_Work task_: Under this line are the records; repeat exactly the lines starting at the one containing "Cortinas riel americano" and ending at the one containing "BID PER WHAT", omitting pictures.

++++++

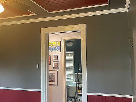 This grand old home has been updated in 2016 with new plumbing and electric. Newly updated bathroom with a beautiful claw foot bathtub to soak the worries away. Behind the bathroom door is also a walk in tile shower with dual shower heads. The home has central ductless air/heat in 4 rooms. Front lawn is surrounded with White picket fence with covered front porch and red awnings matching the red metal roof. The living room is grand for the entrance as you open the front door. Original hardwood floors have been restored and showcases the age of the house inside. The downstairs Master Bedroom has a very big walk in closet with shelving on both walls. It also has a speckled nylon carpet for comfort in the master bedroom. Ship lap walls are original as you see the Original Wood in the entrance, staircase, hallway and master bedroom walls. Faux cauford ceilings in the living room area and master bedroom highlights the original wood ceilings. Barn doors keep the master bedroom elegant and private. One bedroom down & two up. Kitchen has pass-thru to dining area. Oak kitchen cabinets line the kitchen walls With tile countertops. The kitchen, dining room and laundry room have tile floors throughout. Upstairs bathroom is hidden away and has a toilet with sink. The landing has carpet and a cubby/landing wide enough to sit & read books or take naps before entering the bedrooms. 2-story outbuilding w/carport. Sold as is.
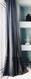 Cortinas riel americano horizontales de madera negra anchas + cortinas gasa de algodon gris con faldon
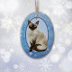 Here is a pretty Siamese cat themed Christmas ornament that makes a nice addition to a household that loves a Siamese! The front of the ornament features a pretty watercolor image of a blue eyed Siamese cat sitting in front of a light blue oval that is framed with a blue and white snowflake border. The back of the ornament has the same snowflake border and blue oval, with your custom text in matching blue. Make it say whatever you'd like!
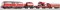 Аналоговый стартовый набор железной дороги PIKO. Набор состоит из дизельного локомотива BR 218 с составом из трёх грузовых вагонов пожарного назначения, автомобиля (грузового или пассажирского в зависимости от комплектации) и расширенного стартового набора рельсового пути со стрелкой.
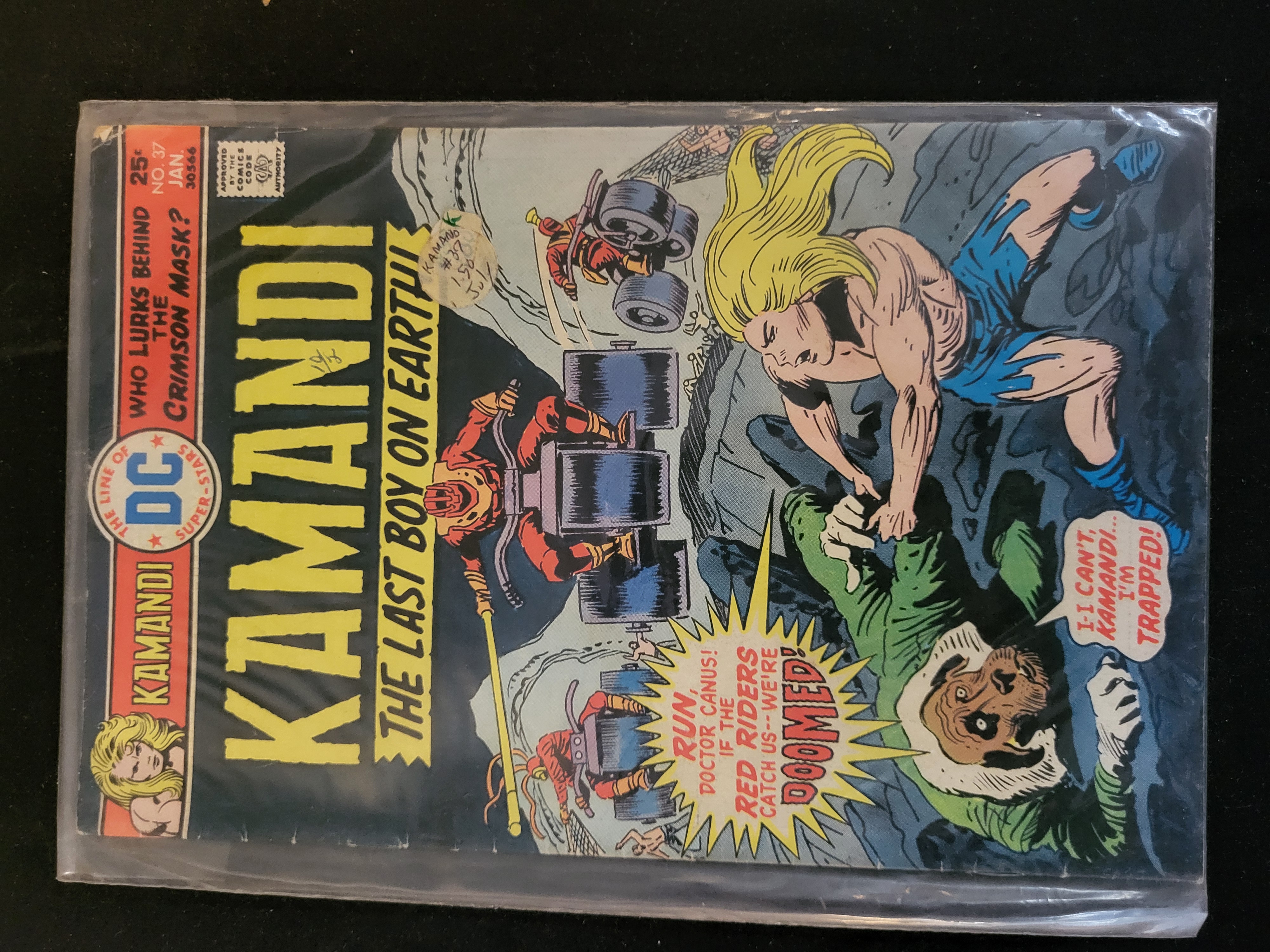 BID PER WHAT YOU SEE IN THE PHOTO, NOT THE AI GENERATED TITLES AND DESCRIPTIONS! This Bronze Age comic book is Kamandi: The Last Boy on Earth, issue number 37, published by DC Comics with a cover date of January 1976. The cover art features the protagonist and an anthropomorphic companion in a pursuit scene involving characters identified as Red Riders. The publication displays the DC Super-Stars logo, the original 25-cent retail price, and the Comics Code Authority seal. The cover includes the promotional text Who lurks behind the Crimson Mask? along with character dialogue. The item is presented in a clear protective sleeve.
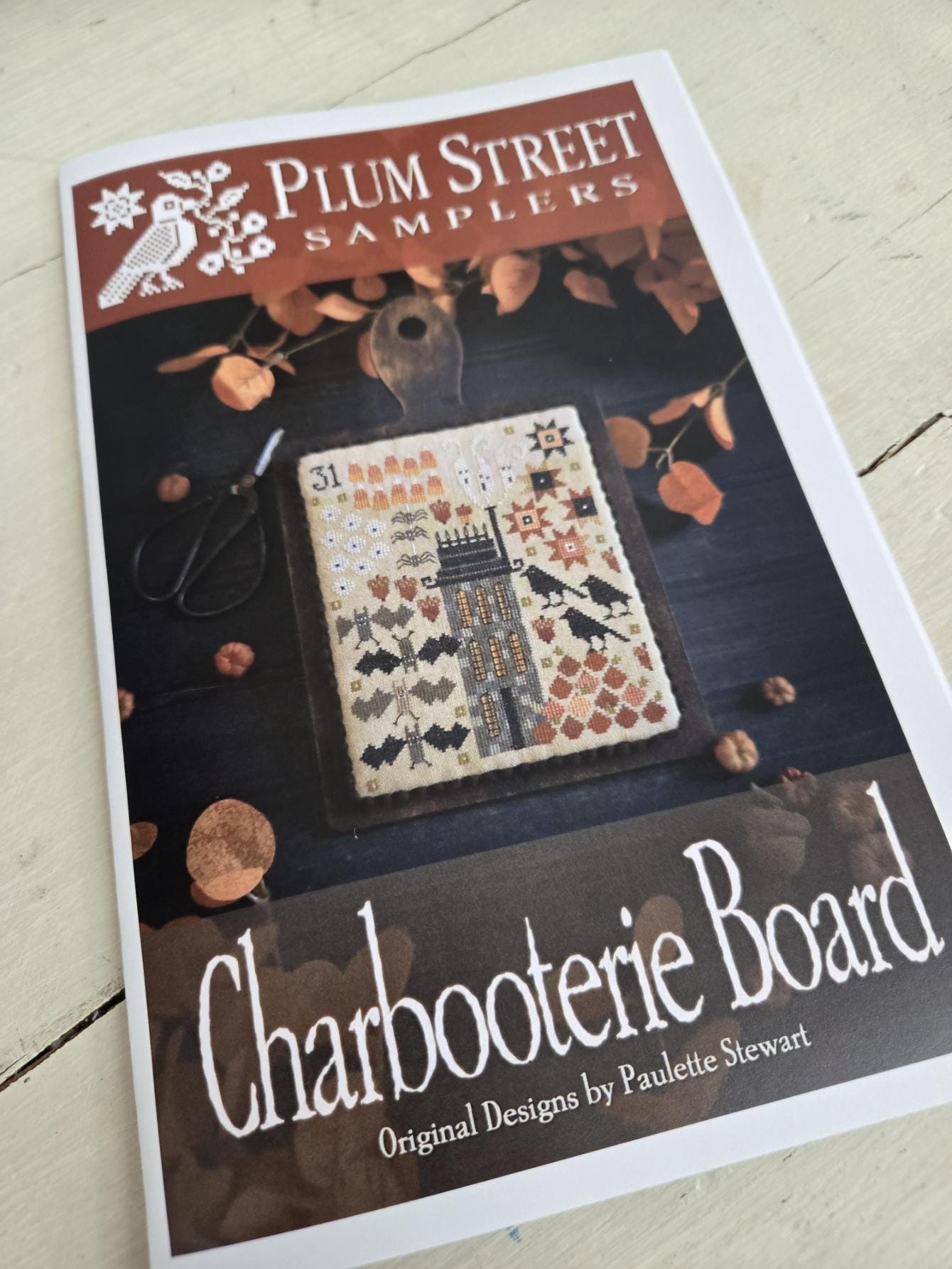 A fun little project that features a myriad of autumn goodies...including candy corn, eyeballs, spiders, ghosts, bats, pumpkins, and crows surrounding a gothic house.
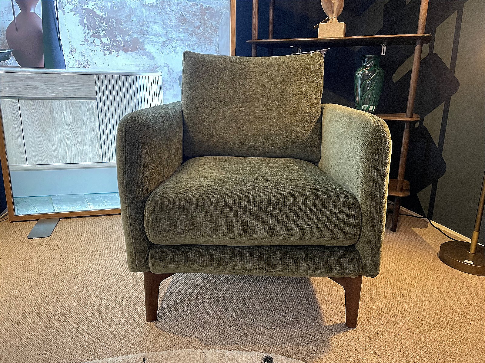 The Aosta armchair is upholstered in a khaki green textured fabric. These armchairs are designed for both comfort and contemporary style. Each Aosta armchair is upholstered in premium fabric, providing a soft and luxurious feel, while the robust frame ensures lasting durability.
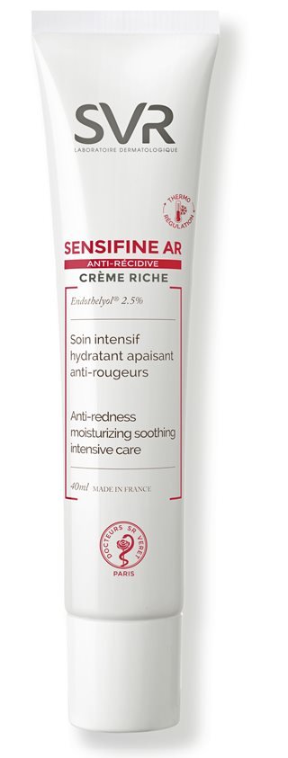 Pour les peaux sujettes aux rougeurs et les sensibles à tendance couperosique, le laboratoire SVR crée Sensifine AR soin anti-rougeurs thermorégulateur anti-récidive. Véritable effet « coupe-feu », il calme instantanément et durablement sensations d’échauffements et rougeurs et prévient leur réapparition. Hautement concentrée en extrait de réglisse et en Endothelyol, Sensifine AR Crème apaise, décongestionne et abaisse la température de la peau. Ce soin gel-crème procure une fraîcheur apaisante immédiate. Sa texture gel-crème frais aux cristaux liquides fond rapidement sur la peau, pour une hydratation longue durée. Des pigments verts neutralisent optiquement les rougeurs.

++++++

_Answer for this exercise_:
 Cortinas riel americano horizontales de madera negra anchas + cortinas gasa de algodon gris con faldon
 Here is a pretty Siamese cat themed Christmas ornament that makes a nice addition to a household that loves a Siamese! The front of the ornament features a pretty watercolor image of a blue eyed Siamese cat sitting in front of a light blue oval that is framed with a blue and white snowflake border. The back of the ornament has the same snowflake border and blue oval, with your custom text in matching blue. Make it say whatever you'd like!
 Аналоговый стартовый набор железной дороги PIKO. Набор состоит из дизельного локомотива BR 218 с составом из трёх грузовых вагонов пожарного назначения, автомобиля (грузового или пассажирского в зависимости от комплектации) и расширенного стартового набора рельсового пути со стрелкой.
 BID PER WHAT YOU SEE IN THE PHOTO, NOT THE AI GENERATED TITLES AND DESCRIPTIONS! This Bronze Age comic book is Kamandi: The Last Boy on Earth, issue number 37, published by DC Comics with a cover date of January 1976. The cover art features the protagonist and an anthropomorphic companion in a pursuit scene involving characters identified as Red Riders. The publication displays the DC Super-Stars logo, the original 25-cent retail price, and the Comics Code Authority seal. The cover includes the promotional text Who lurks behind the Crimson Mask? along with character dialogue. The item is presented in a clear protective sleeve.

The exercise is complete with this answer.